Given entries:
>>>>
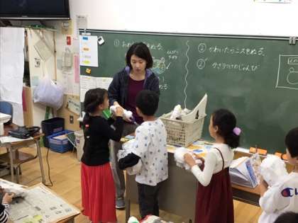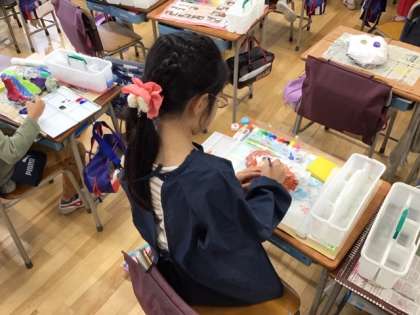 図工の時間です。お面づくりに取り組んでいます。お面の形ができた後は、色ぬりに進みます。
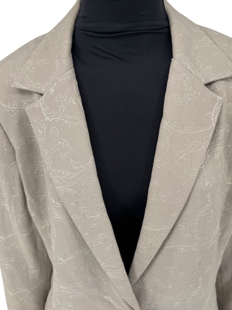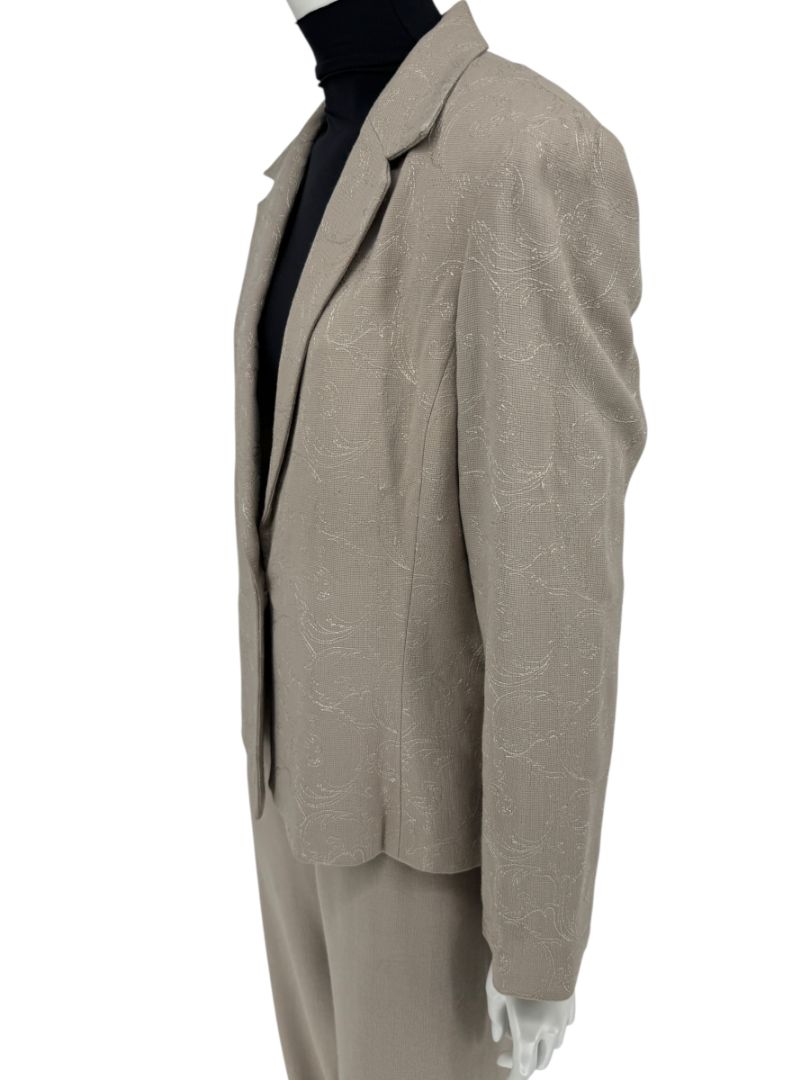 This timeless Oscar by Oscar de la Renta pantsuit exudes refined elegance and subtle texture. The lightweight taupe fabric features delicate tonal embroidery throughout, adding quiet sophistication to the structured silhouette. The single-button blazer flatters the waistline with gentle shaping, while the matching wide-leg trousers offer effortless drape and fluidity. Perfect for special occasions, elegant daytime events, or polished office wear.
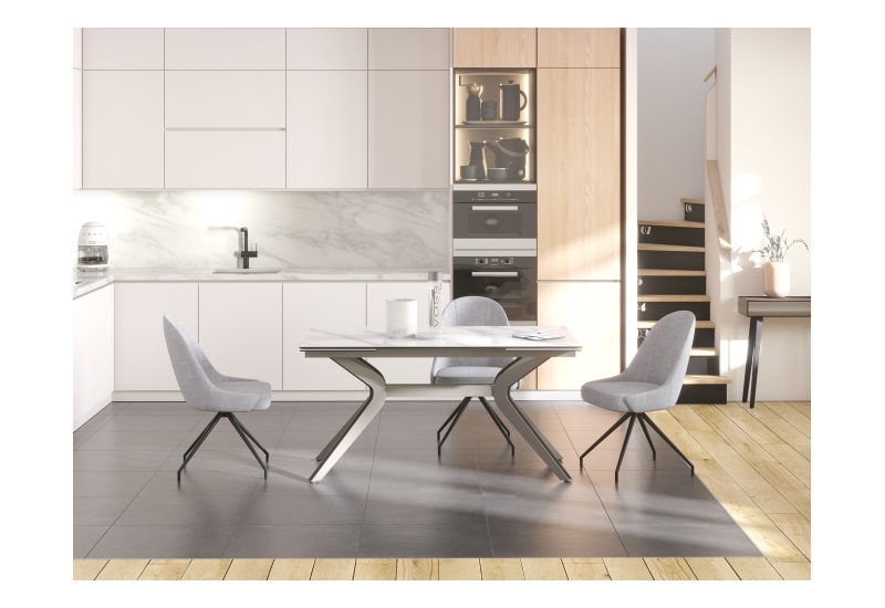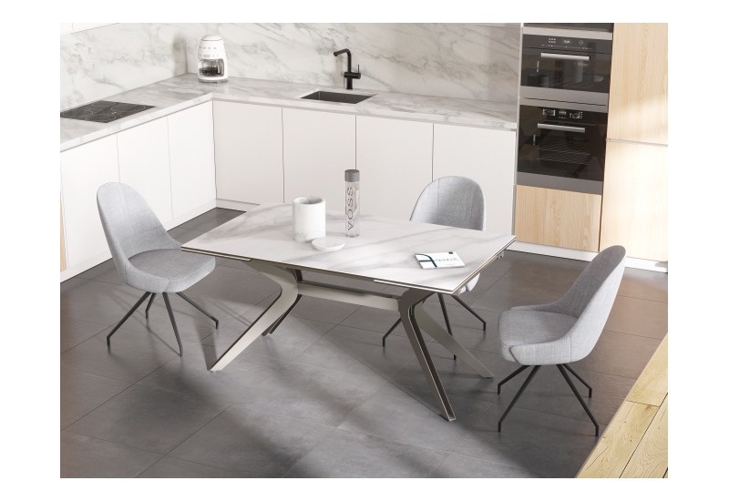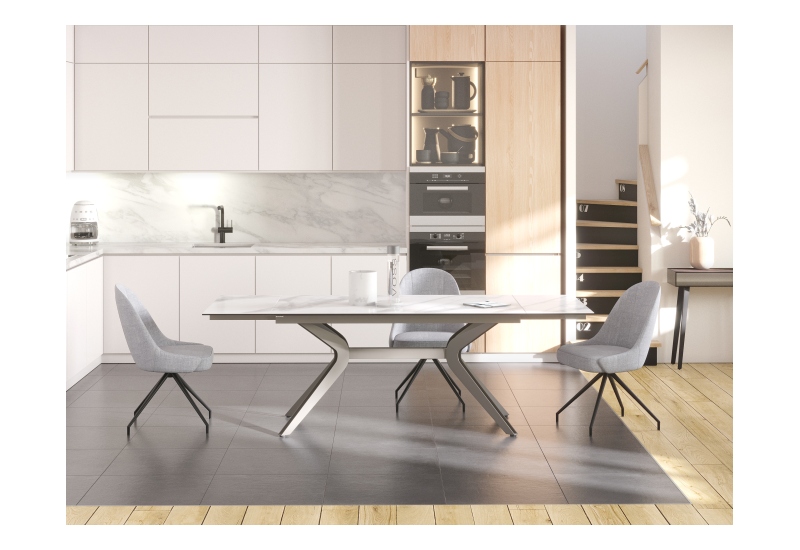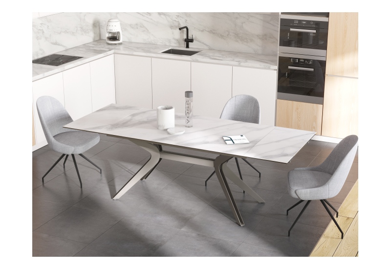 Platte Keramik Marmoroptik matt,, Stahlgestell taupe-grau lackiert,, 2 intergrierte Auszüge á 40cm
<<<<
>>>>
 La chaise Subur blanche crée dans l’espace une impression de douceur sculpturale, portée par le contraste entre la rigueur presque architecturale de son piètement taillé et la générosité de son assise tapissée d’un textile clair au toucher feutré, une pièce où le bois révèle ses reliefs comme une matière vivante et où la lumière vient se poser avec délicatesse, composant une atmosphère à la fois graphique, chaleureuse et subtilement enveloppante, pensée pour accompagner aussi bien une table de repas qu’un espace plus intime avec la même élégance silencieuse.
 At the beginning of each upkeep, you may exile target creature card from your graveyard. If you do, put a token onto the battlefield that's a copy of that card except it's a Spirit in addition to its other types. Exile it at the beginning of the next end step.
<<<<
>>>>
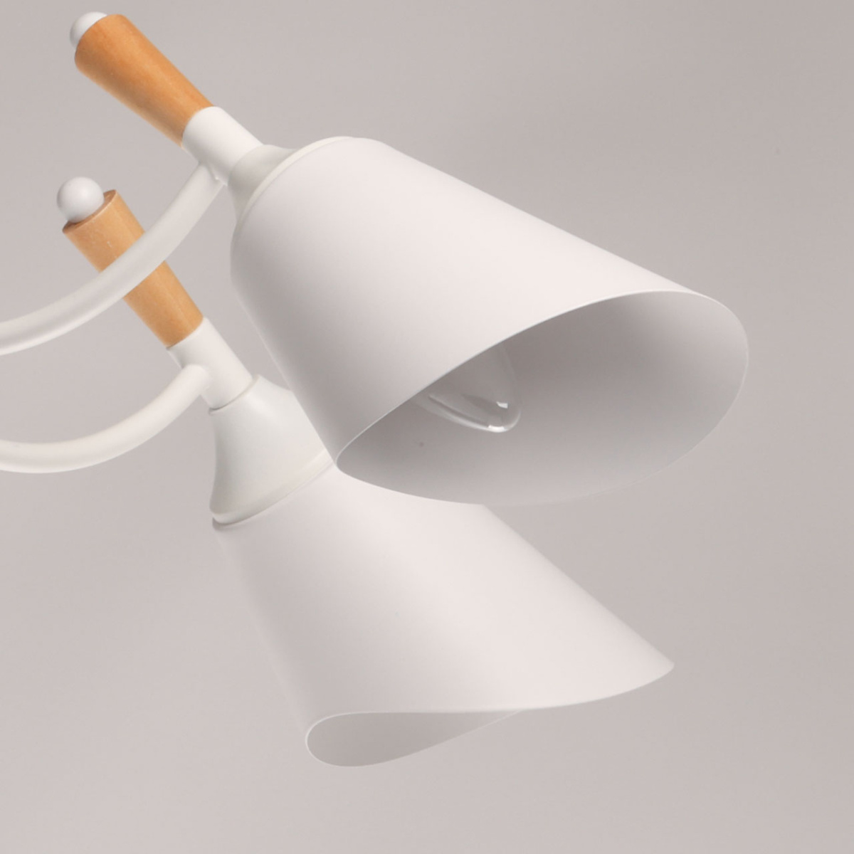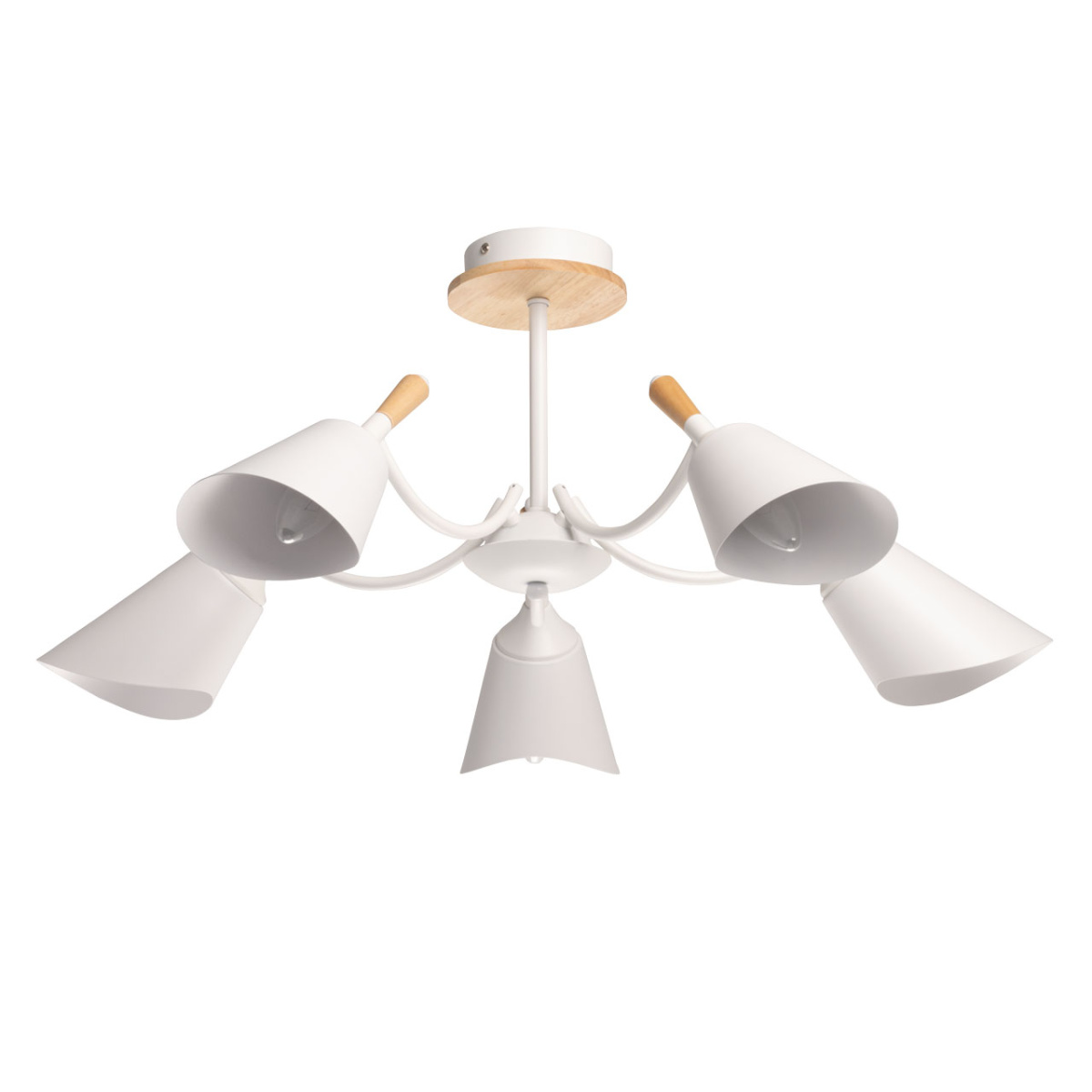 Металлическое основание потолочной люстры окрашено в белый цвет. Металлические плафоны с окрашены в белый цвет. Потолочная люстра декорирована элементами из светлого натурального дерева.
<<<<
Requirement: Give back exactly the lines of the listing above from the one that contains "This timeless Oscar" up to and including the one that contains "Platte Keramik Marmoroptik", but not the pictures, and no other lines.

Exercise solution:
 This timeless Oscar by Oscar de la Renta pantsuit exudes refined elegance and subtle texture. The lightweight taupe fabric features delicate tonal embroidery throughout, adding quiet sophistication to the structured silhouette. The single-button blazer flatters the waistline with gentle shaping, while the matching wide-leg trousers offer effortless drape and fluidity. Perfect for special occasions, elegant daytime events, or polished office wear.
 Platte Keramik Marmoroptik matt,, Stahlgestell taupe-grau lackiert,, 2 intergrierte Auszüge á 40cm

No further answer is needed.